The Schedule of Investments in Securities of unaffiliated issuers is included as part of the Report to Shareholders filed under Item 1.
Item 7. Disclosure of Proxy Voting Policies and Procedures for Closed-End Investment Companies.
Not applicable.
Item 8. Portfolio Managers of Closed-End Investment Companies.
Not applicable.
Item 9. Purchases of Equity Securities by Closed-End Management Investment Company and Affiliated Purchasers.
Not applicable.
Item 10. Submissions of Matters to a Vote of Security Holders.
Not applicable.
Item 11. Controls and Procedures.
(a) Based on an evaluation of the Disclosure Controls and Procedures (as defined in Rule 30a-3(c) under the Investment Company Act of 1940) (the “Disclosure Controls”) as of a date within 90 days prior to the filing date (the “Filing Date”) of this report on Form N-CSR (the “Report”), the Registrant’s principal executive officer and principal financial officer have concluded that the Disclosure Controls are reasonably designed to ensure that information required to be disclosed by the Registrant in the Report is recorded, processed, summarized and reported by the Filing Date, including ensuring that information required to be disclosed in the Report is accumulated and communicated to the Registrant’s management, including the Registrant’s principal executive officer and principal financial officer, as appropriate to allow timely decisions regarding required disclosure.

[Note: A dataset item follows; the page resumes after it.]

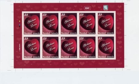 Marshall Is. 875 Imperf M/S of 10, Valentine’s Day, Heart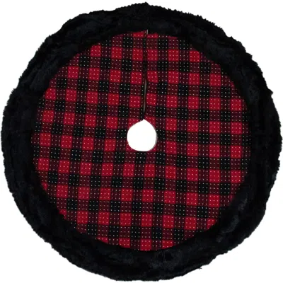 Buffalo Plaid With Polka Dots And Faux Fur Border Christmas Tree Skirt In Black

(b) There were no changes in the Registrant’s internal control over financial reporting (as defined in Rule 30a-3(d) under the Investment Company Act of 1940) that occurred during the Registrant’s second fiscal half-year of the period covered by this report that has materially affected, or is reasonably likely to materially affect, the Registrant’s internal control over financial reporting.
Item 12. Exhibits
(a)(3) Not applicable.
SIGNATURES
Pursuant to the requirements of the Securities Exchange Act of 1934 and the Investment Company Act of 1940, the Registrant has duly caused this report to be signed on its behalf by the undersigned, thereunto duly authorized.
The Weitz Funds
By (Signature and Title)*
/s/ Wallace R. Weitz
Wallace R. Weitz, President
Date: June 2, 2021
Pursuant to the requirements of the Securities Exchange Act of 1934 and the Investment Company Act of 1940, this report has been signed below by the following persons on behalf of the Registrant and in the capacities and on the dates indicated.
By: (Signature and Title)*
/s/ Wallace R. Weitz
Wallace R. Weitz, President
Date: June 2, 2021
By: (Signature and Title)*
/s/ James J. Boyne
James J. Boyne, Vice President and Treasurer
Date: June 2, 2021
* Print the name and title of each signing officer under his or her signature.